Department   School of Medicine(Yachiyo Medical Center), School of Medicine
   Position   Assistant Professor
Article types Original article
Language English
Peer review Peer reviewed
Title Late Neo-Aortic Valve Regurgitation Long After Arterial Switch Operation.
Journal Formal name:The Annals of Thoracic Surgery
Abbreviation:Ann Thorac Surg
ISSN code:00034975/15526259
Domestic / ForeginForegin
Publisher Elsevier
Volume, Issue, Page 108(4),pp.1210-1216
Author and coauthor NAKAYAMA Yuki†*, SHINKAWA Takeshi, MATSUMURA Goki, HOUKI Ryogo, KOBAYASHI Kei, NIINAMI Hiroshi
Publication date 2019/10
Summary BACKGROUND:The purpose of this study is to assess risk factors of neo-aortic regurgitation (AR) after an arterial switch operation and outcomes of neo-aortic valve surgery.

METHODS:This is a retrospective study of 469 hospital survivors after arterial switch operation from 1982 to 2016. Preoperative diagnoses included 285 transpositions of the great arteries with intact septum, 140 transpositions with ventricular septal defect, and 44 double-outlet right ventricles. More than mild preoperative pulmonary regurgitation was found in 15 patients. Median age at the operation was 1.0 months (range, 0.1-81.5). Concomitant relief of left ventricular outflow tract obstruction was performed in 20 patients. Seventy-seven patients had more than mild neo-AR at hospital discharge.

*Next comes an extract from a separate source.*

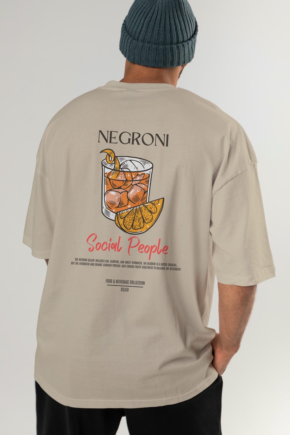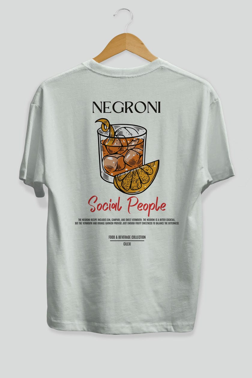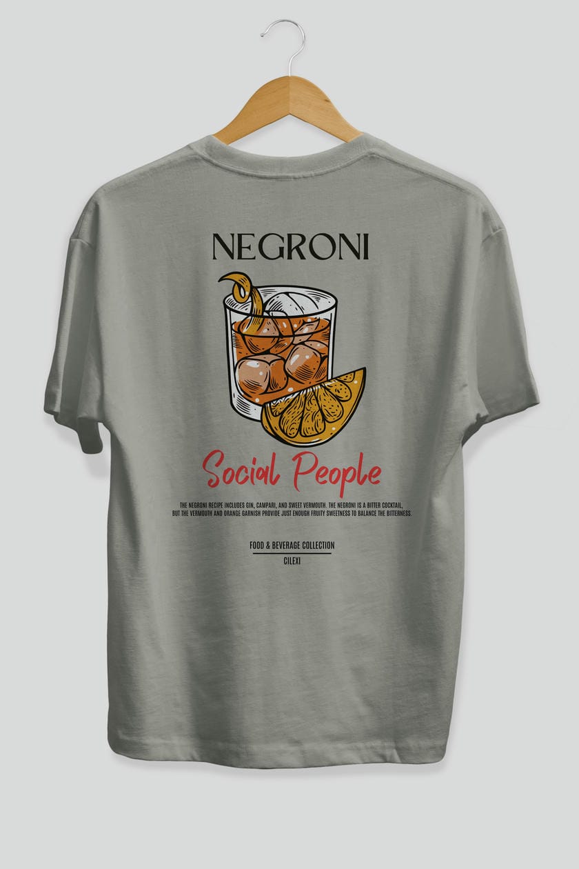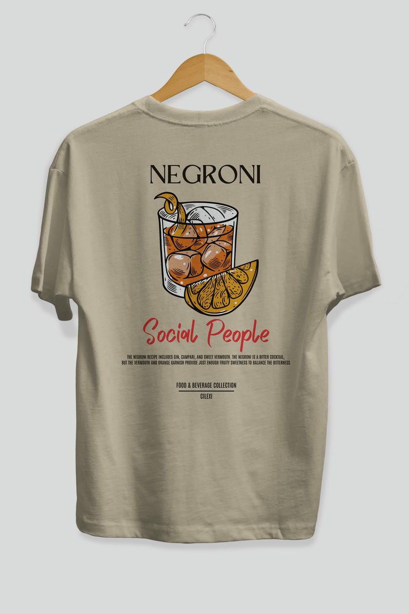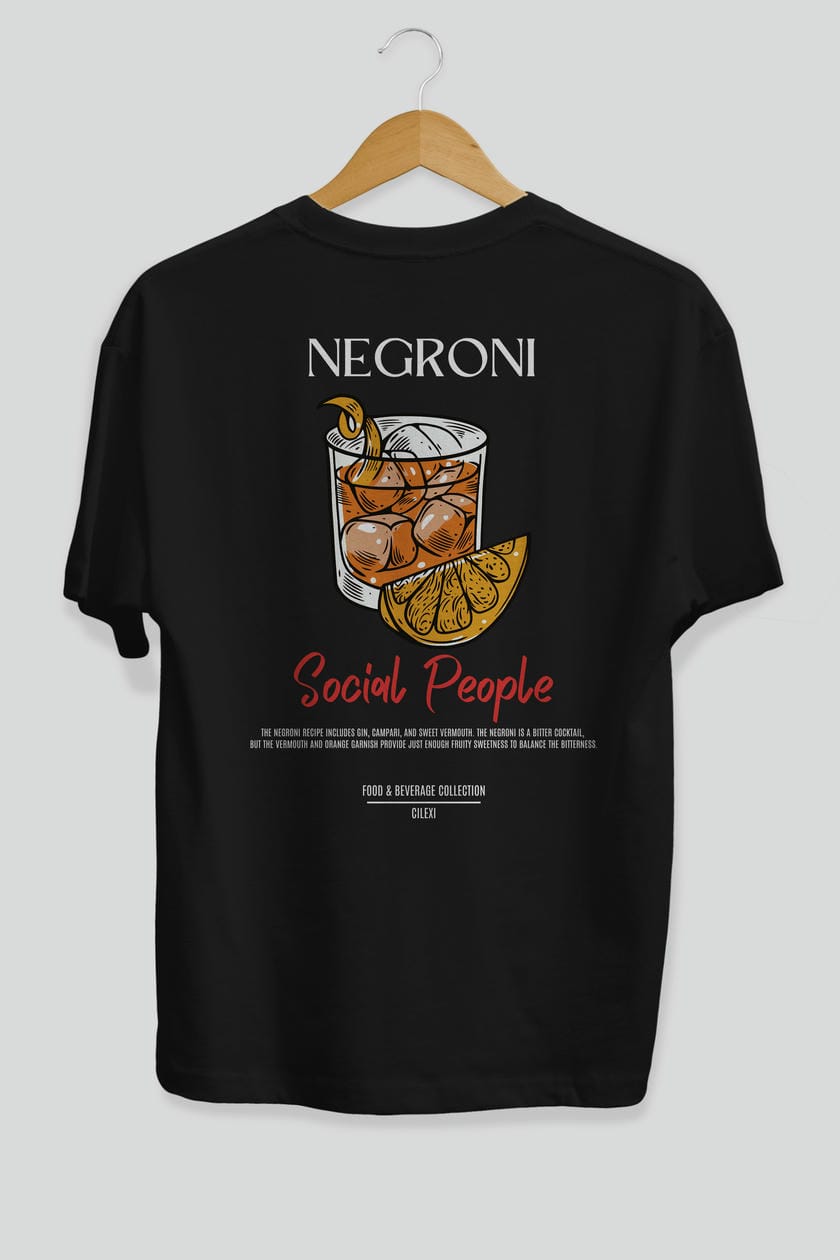 Negroni Kokteyl Serisi Baskılı Oversize t-shirt Erkek Kadın Unisex %100 Pamuk Bisiklet Yaka tişort

RESULTS:More than moderate neo-AR was found in 41 patients (8.6%) at a median follow-up of 19.0 years (range, 0.1-35.2). Multivariate analysis identified more than mild preoperative pulmonary regurgitation, concomitant relief of left ventricular outflow tract obstruction, and more than mild neo-AR at hospital discharge as risk factors for late neo-AR. Seventeen patients (3.6%) underwent neo-aortic valve surgeries, including 11 aortic valve replacements, 3 aortic valve plasties, 2 Konno procedures, and 1 aortic root replacement, with median age at the neo-aortic valve surgery of 16.5 years (range, 6.2-27.3). There were 2 late deaths and 5 reoperations to the neo-aortic valve in 4 patients.

CONCLUSIONS:Concomitant relief of left ventricular outflow tract obstruction and preoperative more than mild pulmonary regurgitation increase the risk of neo-AR after the arterial switch operation. Reoperation for neo-AR can be done safely.